Coventry University has announced that it has a £30,000 fund available - thanks to the National Express Foundation Group - to offer to ten men who sign up to courses where the number of female students currently significantly outweighs that of males.
These include occupational therapy, physiotherapy, nursing, dietetics, midwifery and the field of operating department practice, all of which the university believes would benefit from more qualified male professionals.
Students who successfully apply for the bursary will be given £1,000 to help support themselves through their studies for each year of their degree.
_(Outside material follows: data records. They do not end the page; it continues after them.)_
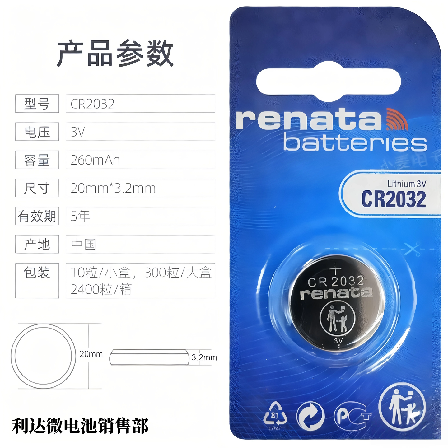 原装CR2032纽扣锂CR2430高容量低内阻3V电池原进口renata瑞士优惠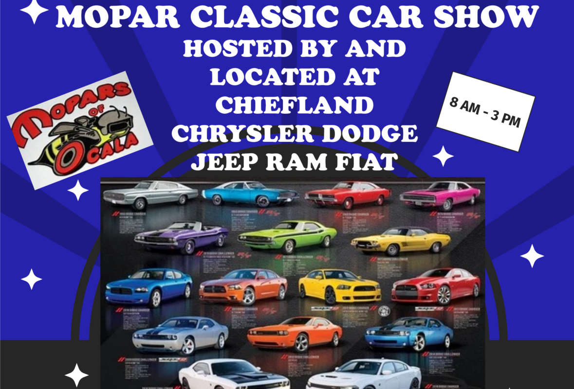 Mopar Classic Car Show hosted by and located at Chiefland Chrysler Dodge Jeep Ram Fiat. To enter your vehicle please call Mopar of Ocala 352-427-8382. Join in for this amazing event, come see the amazing classic cars, local food vendors and shop the local product vendors! In support of Soldiers Freedom Outdoors, healing the hidden wounds of war.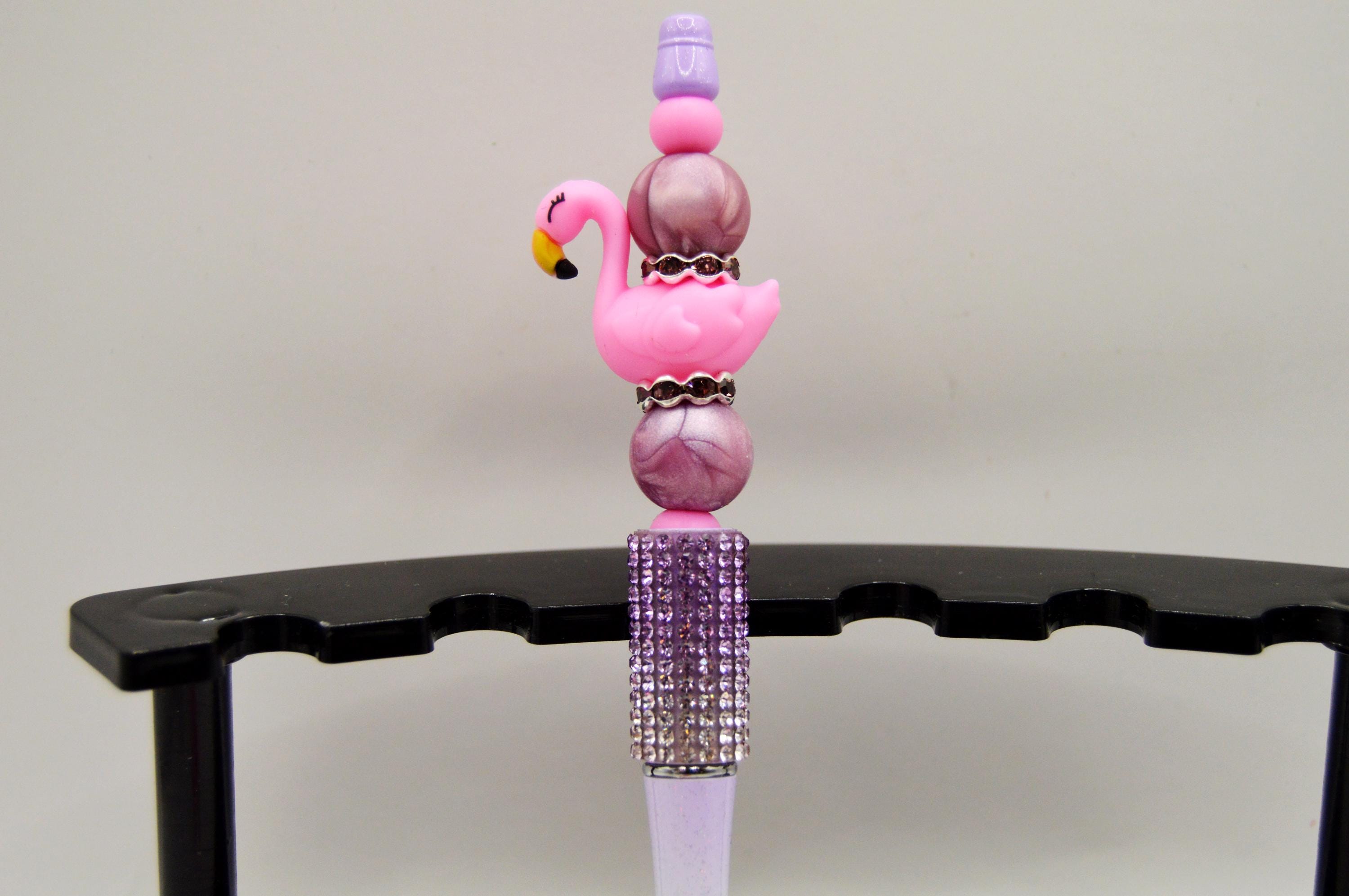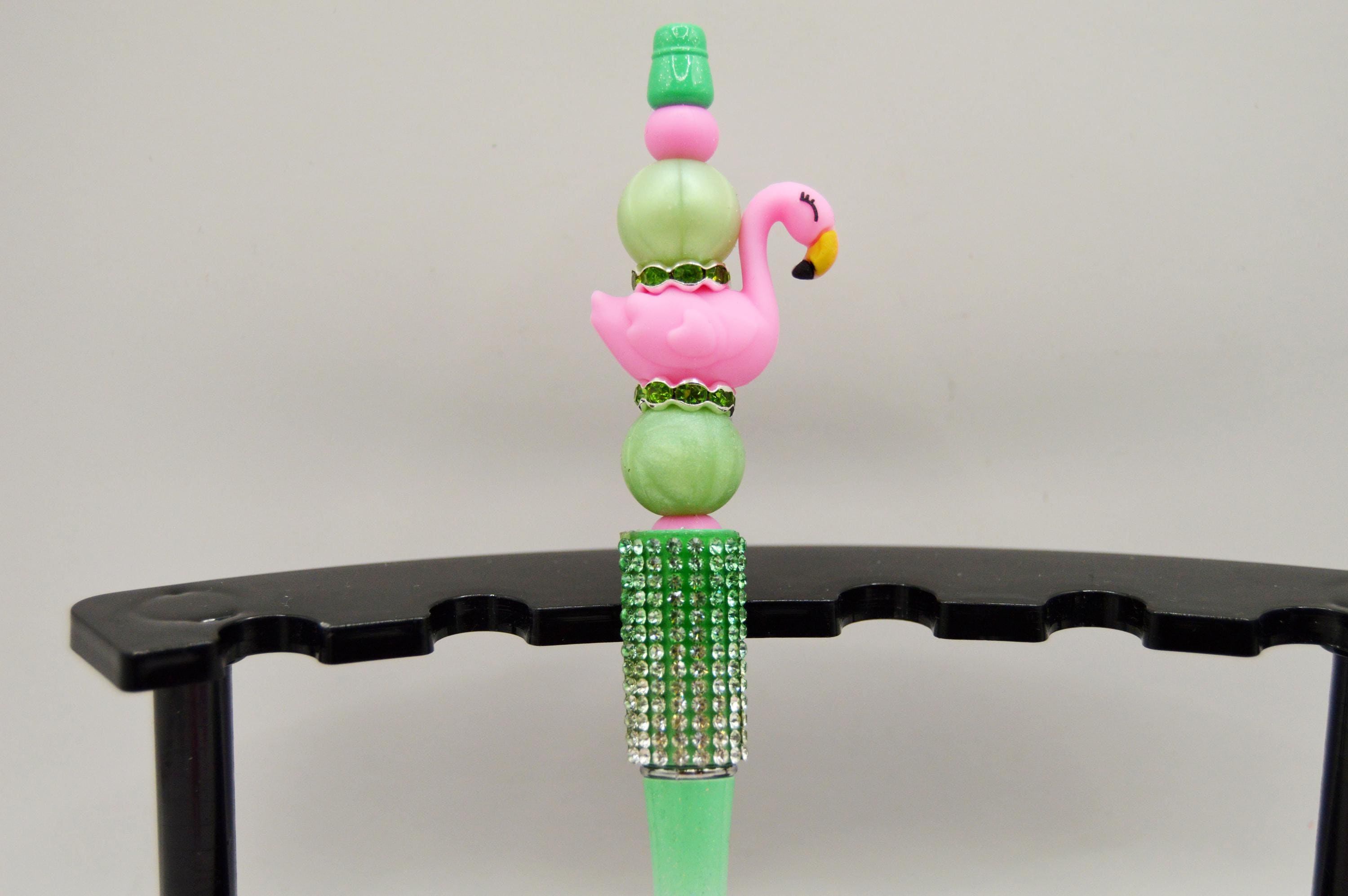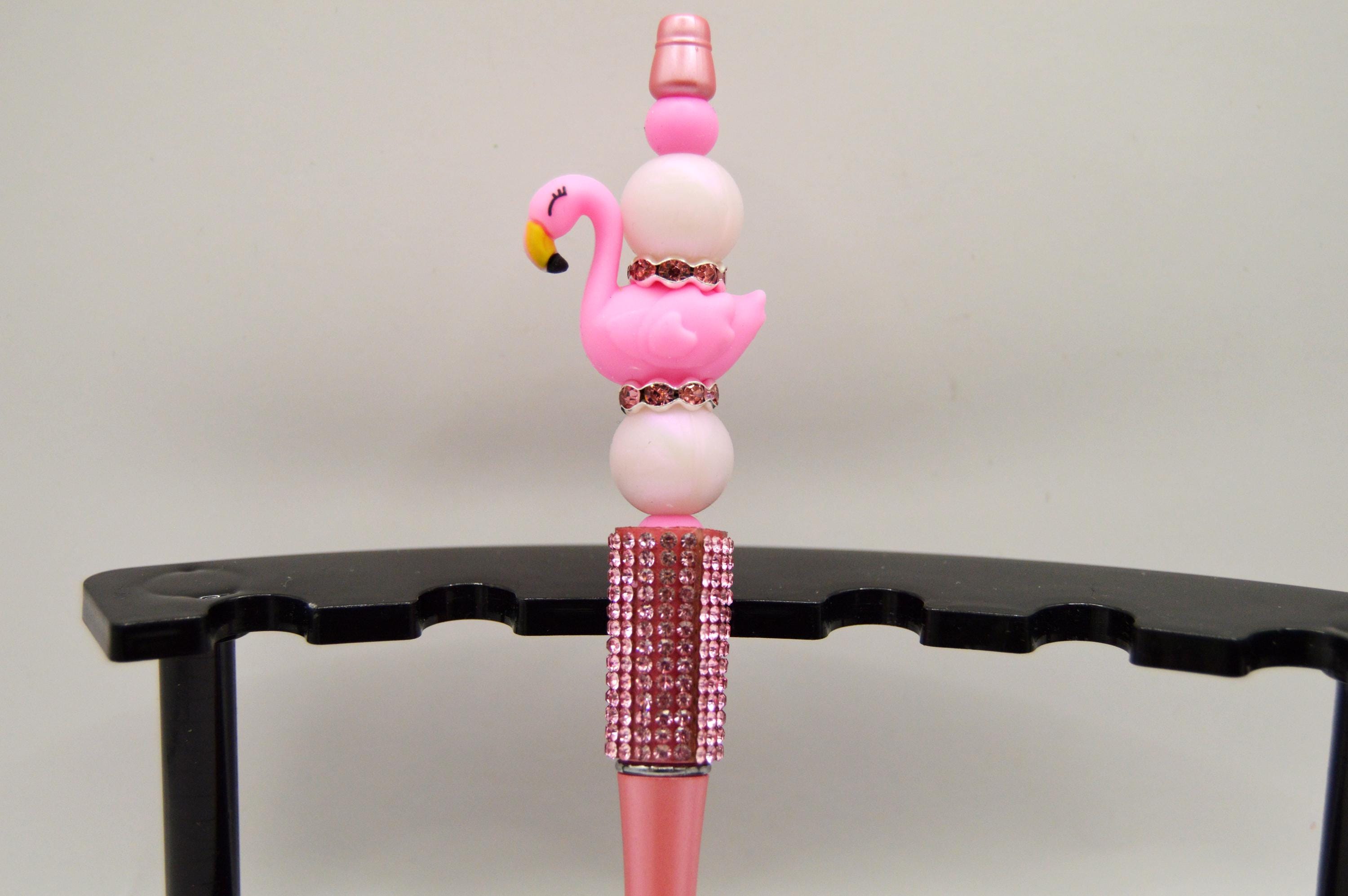 Beautiful Flamingo Pens with Rhinestones and pearlescent silicone beads.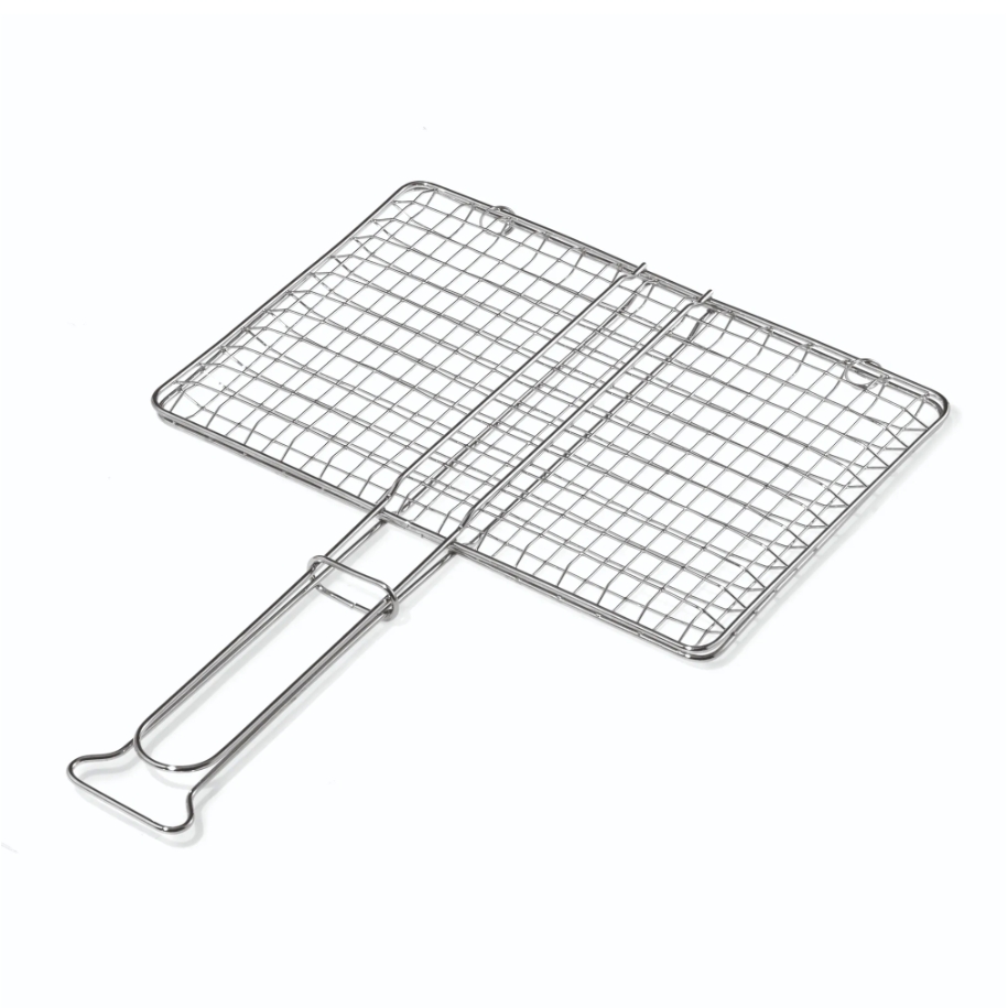 Graticola a rete senza piedi: indispensabile per la cottura delle pietanze alla brace garantendo una cottura sana ed igienicamente sicura. Dotata di comoda e pratica maniglia per una presa sicura, rappresenta un fantastico articolo di produzione Italiana pensato per i tuoi momenti col barbecue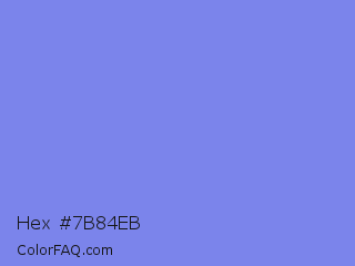 Hex #7b84eb Color is a light blue color and the nearest color is Chetwode Blue #8581d9. Hex code #7b84eb and RGB value is rgb(123,132,235). In RGB color space, this color is composed of 48% red, 52% green, 92% blue, In CMYK color space, this color is composed of 48% cyan, 44% magenta, 0% yellow , 8% black , In HSL color space, this color has a hue angle of 235° , 74% saturation and 70% lightness.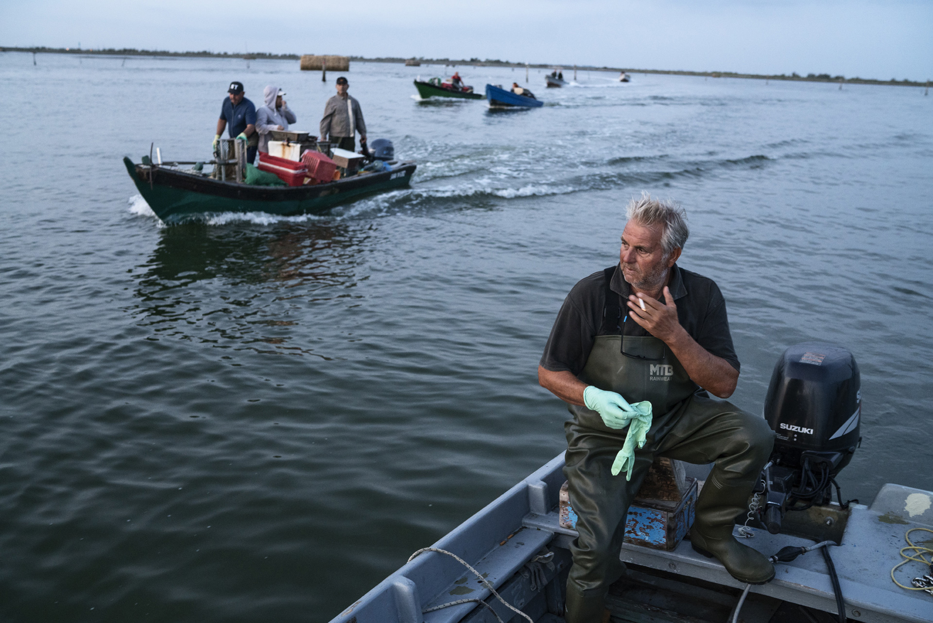 Un’imbarcazione del consorzio di pescatori si muove con lentezza, controllando che tutto stia procedendo secondo il regolamento; queste sessioni di pesca sono riservate ai soci del consorzio e organizzate periodicamente in base alla domanda di vongole del mercato locale e italiano. Ogni socio ha una quantità massima che può raccogliere per la mattinata (oggi sono venti chili) e un prezzo che varia a seconda del periodo; gli anni difficili della pesca alle vongole sono passati – negli anni ’90 la lotta ai pescatori abusivi e gli scontri tra cooperative rivali causarono diversi morti – ma gli interessi sono ancora forti, perché si tratta di una delle attività più redditizie di un Delta dove la pesca diventa sempre più difficile. Ecco perché, al fischio dei responsabili del consorzio, la quiete diventa caos, il borbottare dei diesel diventa un ruggito mentre si accendono i rastrelli a motore che risucchiano le vongole dal fondale fino alle casse sulla barca, dove uno o due persone operano una prima cernita, eliminando i molluschi troppo piccoli.

The bursary is aimed specifically at applicants from within the West Midlands region.
Statistics from UCAS show that men currently account for just ten per cent of all nursing students at UK universities, with around 26,000 women on such courses compared to approximately 2,800 men, highlighting a significant gender gap.
This gap has been growing over the past few years, as figures show the number of women on nursing and related university courses came in at just over 19,000 back in 2012.
Some patients feel more comfortable being cared for by a male healthcare worker, so Coventry University wants to take action to close this gap and encourage more men to consider careers in sectors that might not have traditionally been marketed to them, such as nursing and occupational therapy.
Rob James, academic dean for the Faculty of Health and Life Sciences at Coventry University, commented: "We support all initiatives taking positive action to address unequal gender representation in any subject discipline and this bursary does so across healthcare training.
"While there's lots being done nationally - and at Coventry - to encourage women into sciences and engineering, we hope this new initiative will lead the way in addressing the persistent low proportion of men working in many healthcare professions."